# Exercise directions
Begin at the top of the records below and print each line exactly until the line containing "package array; public" has been printed; any pictures are to be left out.

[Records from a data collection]
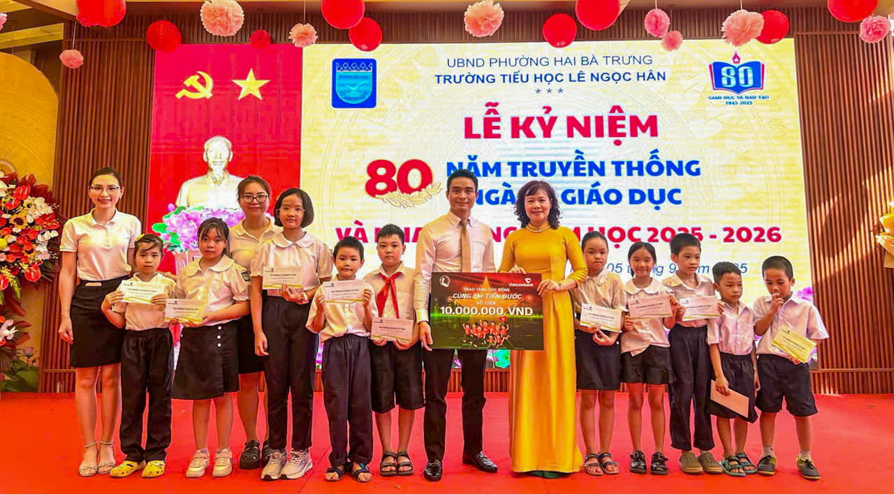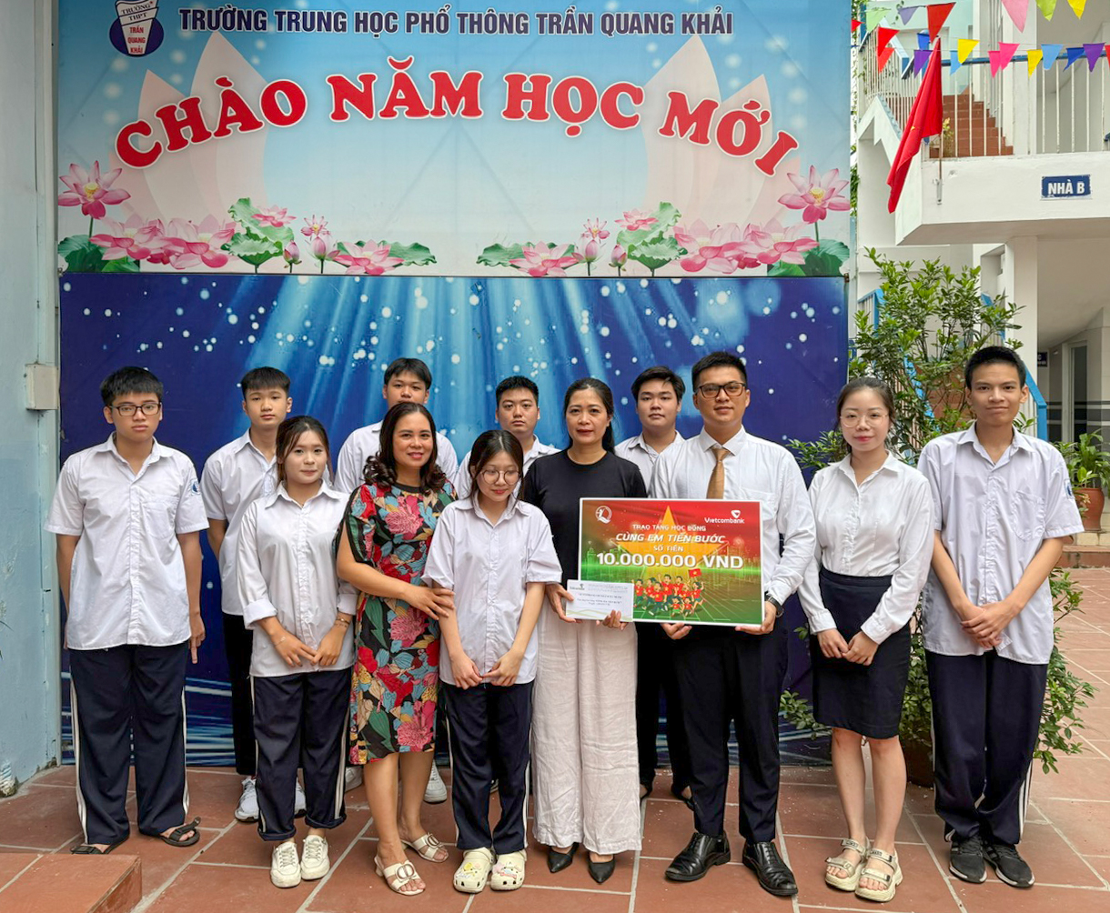 Tại địa bàn Hà Nội, Vietcombank Hà Thành đã trao tặng 30 suất học bổng với tổng trị giá 30 triệu đồng cho học sinh các trường: THPT Trần Quang Khải, THPT Mai Hắc Đế và Tiểu học Lê Ngọc Hân. Mỗi trường nhận 10 suất học bổng, tương ứng 10 triệu đồng, với giá trị 1 triệu đồng/suất. Đây là những phần quà mang ý nghĩa thiết thực, không chỉ hỗ trợ về vật chất mà còn là nguồn động viên tinh thần, khích lệ các em học sinh nghèo tiếp tục nỗ lực vươn lên trong học tập, nuôi dưỡng ước mơ và hoài bão của mình.
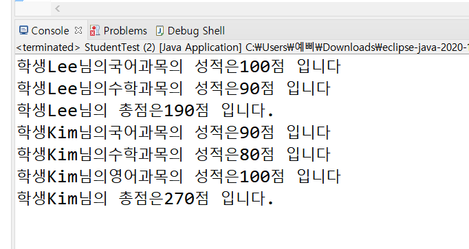 package array; public class StudentTest { public static void main(String[] args) { Student studentLee = new Student(1001, "Lee"); studentLee.addSubject("국어",100); studentLee.addSubject("수학",90); studentLee.showStudentInfo(); Student studentKim = new Student(1002, "Kim"); studentKim.addSubject("국어",90); studentKim.addSubject("수학",80); studentKim.addSubject("영어",100); studentKim.showStudentInfo(); } }프로그래밍
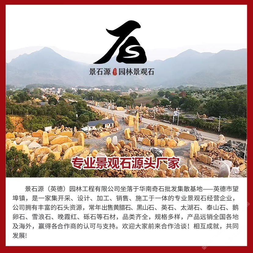 公司位于華南地區(qū)英石之鄉(xiāng)-清遠英德市。本地盛產(chǎn)各種石材、擁有多年的石材銷售經(jīng)驗,自有實體石場。經(jīng)營黃蠟石、英德石、中國黑、太湖石、青花石、黑山石、鵝卵石、青花石、礫石、泰山石、雪浪石、晚霞紅等等多種石材原料??套质?、加工石、樹圍、景墻、地鋪、石槽石臺、水缽、石盆等多種異形加工產(chǎn)品
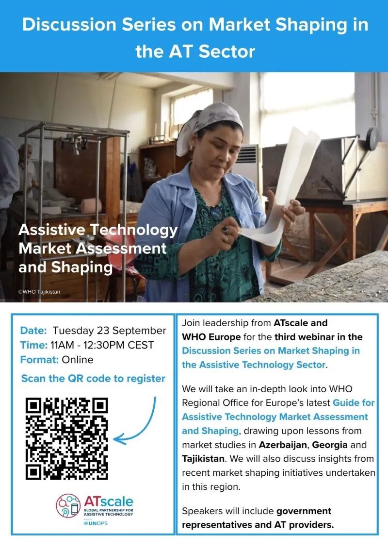 研討會將重點介紹由世衛組織歐洲區域辦事處近期發布的《輔助技術市場評估與塑造指南》,并分享塔吉克斯坦和格魯吉亞的市場研究成果。除了對該指南進行深入解讀,研討會還將探討該地區最新開展的市場研究和市場塑造舉措,并討論這些舉措在其他中低收入國家的應用前景。本次研討會也是一個向國際同行學習的寶貴機會,與會發言人將包括各國政府代表、輔助技術服務供應商,以及 ATscale 和世衛組織的高層。
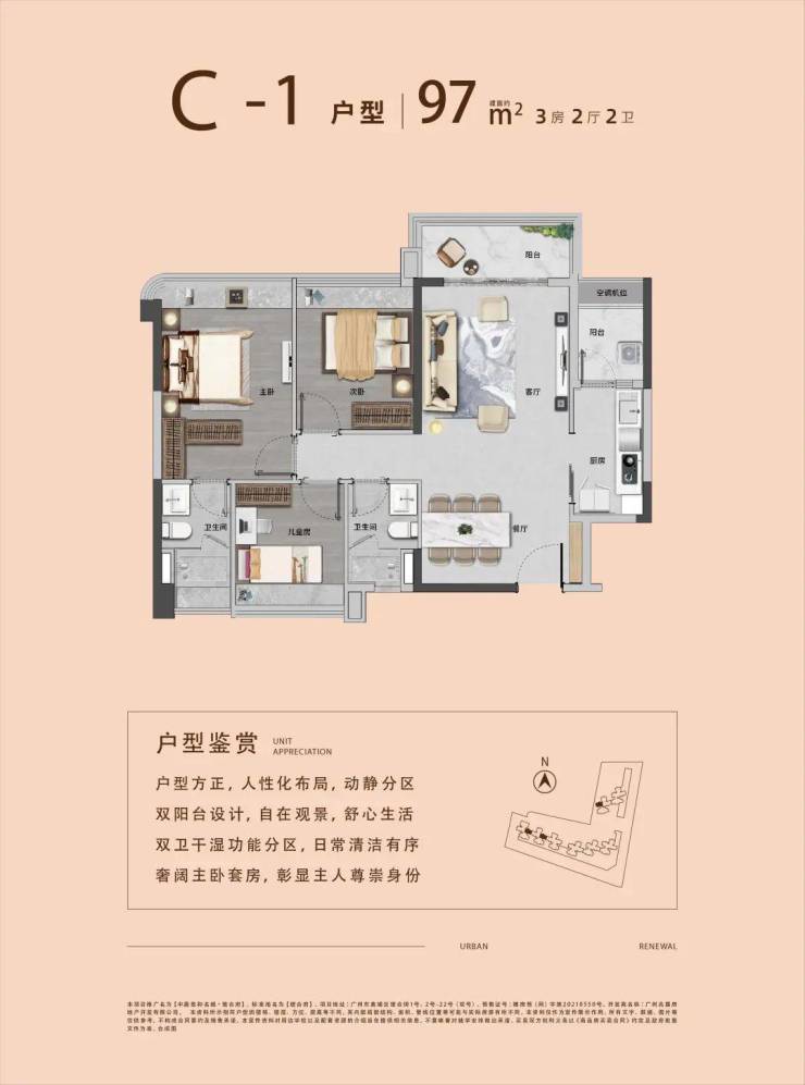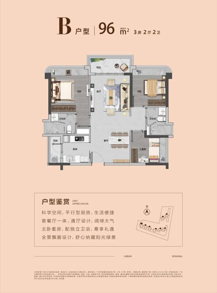 产品建面约86-130㎡三至四房,L型建筑布局,超宽楼距,采光充沛。
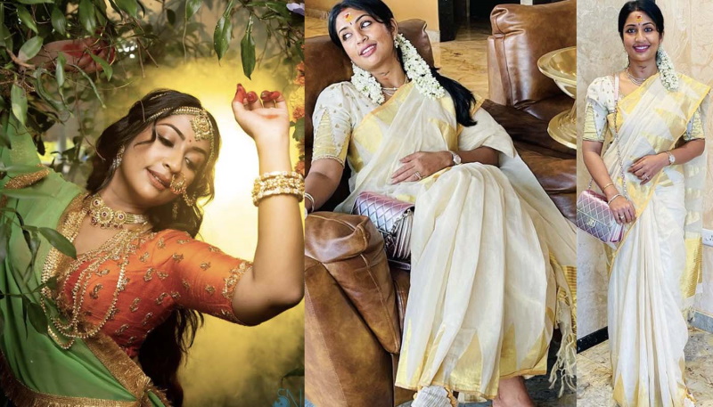 ഇൻസ്റ്റഗ്രാമിൽ പങ്കുവെച്ച നവ്യയുടെ പുതിയ ഫോട്ടോ ഷൂട്ടുകളാണ് ഇപ്പോൾ വൈറലാകുന്നത്. സെറ്റ് സാരി ധരിച്ചാണ് നവ്യ ഈ ചിത്രങ്ങളിൽ എത്തിയിരിക്കുന്നത്. ഗുരുവായൂർ സന്ദർശനം ലക്ഷ്യമിട്ടാണ് താരത്തിന്റെ വരവ്. അതുകൊണ്ട് തന്നെ ചിത്രങ്ങൾ വൈറലായി. നാടൻ ലുക്കിലുള്ള താരത്തിന്റെ ചിത്രങ്ങൾ പ്രേക്ഷകർ ഏറ്റെടുത്തു കഴിഞ്ഞു. ചിത്രങ്ങൾക്ക് നൽകിയിരിക്കുന്ന അടിക്കുറിപ്പുകളും ശ്രദ്ധ നേടുന്നു. ഗുരുവായൂരില് തൊഴുതു നില്ക്കുമ്പോള് മുന്നില് ഒരു ഉണ്ണിയുണ്ടെന്ന് എപ്പോഴും തോന്നാറുണ്ട്. ഉണ്ണിയും പുഞ്ചിരിക്കുന്നുണ്ടെന്ന് നവ്യ പറയുന്നു.
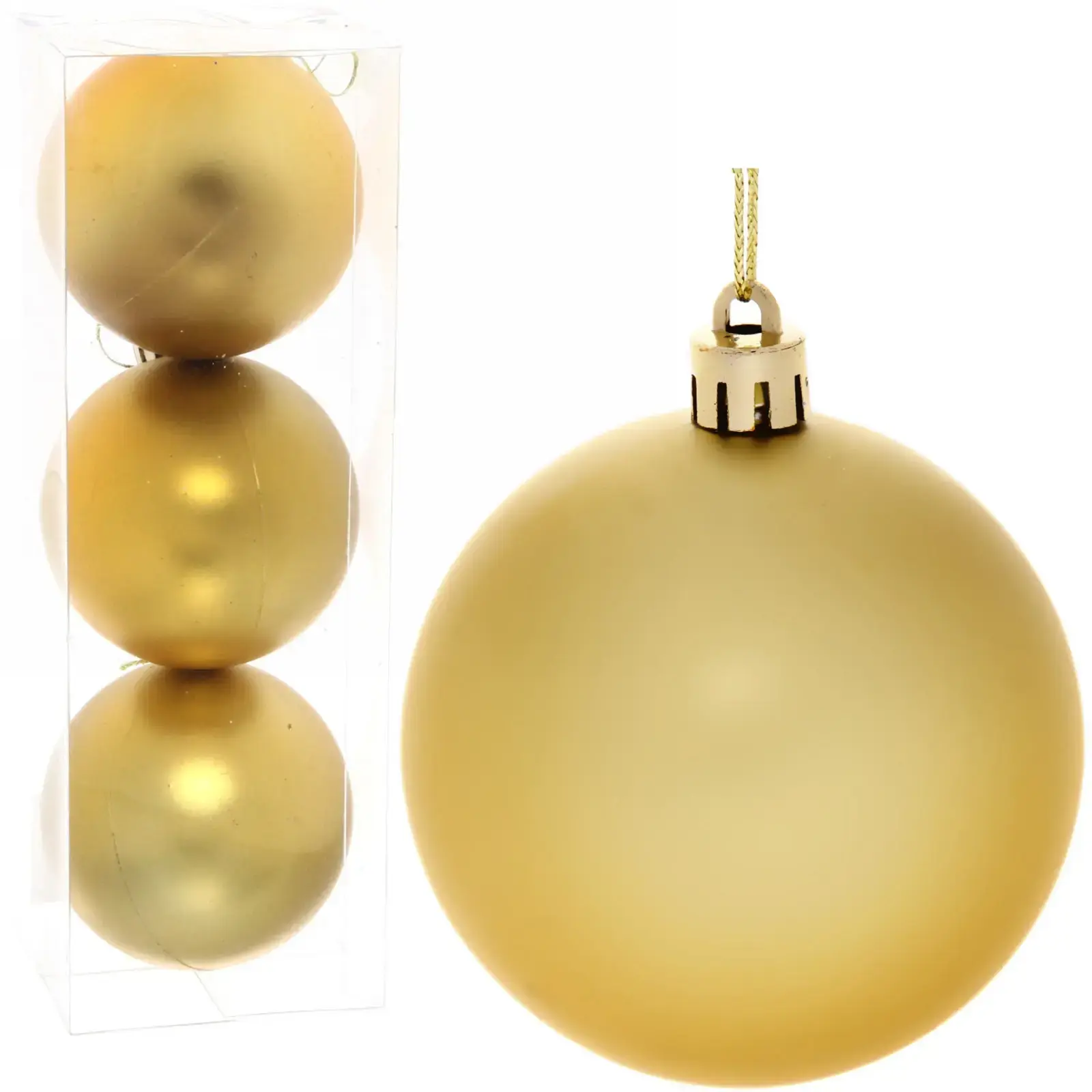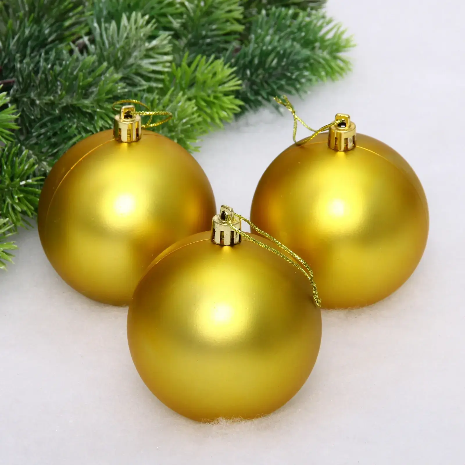Новогодние шары — это не просто украшения, это символы волшебства и радости, которые наполняют наш дом теплом и уютом. Набор из трех матовых золотых шаров диаметром 8 см станет идеальным дополнением к вашему новогоднему декору. Эти шары не только красивы, но и практичны, ведь они легко вписываются в любой стиль оформления, будь то классика или современный минимализм.

# Response area
 Tại địa bàn Hà Nội, Vietcombank Hà Thành đã trao tặng 30 suất học bổng với tổng trị giá 30 triệu đồng cho học sinh các trường: THPT Trần Quang Khải, THPT Mai Hắc Đế và Tiểu học Lê Ngọc Hân. Mỗi trường nhận 10 suất học bổng, tương ứng 10 triệu đồng, với giá trị 1 triệu đồng/suất. Đây là những phần quà mang ý nghĩa thiết thực, không chỉ hỗ trợ về vật chất mà còn là nguồn động viên tinh thần, khích lệ các em học sinh nghèo tiếp tục nỗ lực vươn lên trong học tập, nuôi dưỡng ước mơ và hoài bão của mình.
 package array; public class StudentTest { public static void main(String[] args) { Student studentLee = new Student(1001, "Lee"); studentLee.addSubject("국어",100); studentLee.addSubject("수학",90); studentLee.showStudentInfo(); Student studentKim = new Student(1002, "Kim"); studentKim.addSubject("국어",90); studentKim.addSubject("수학",80); studentKim.addSubject("영어",100); studentKim.showStudentInfo(); } }프로그래밍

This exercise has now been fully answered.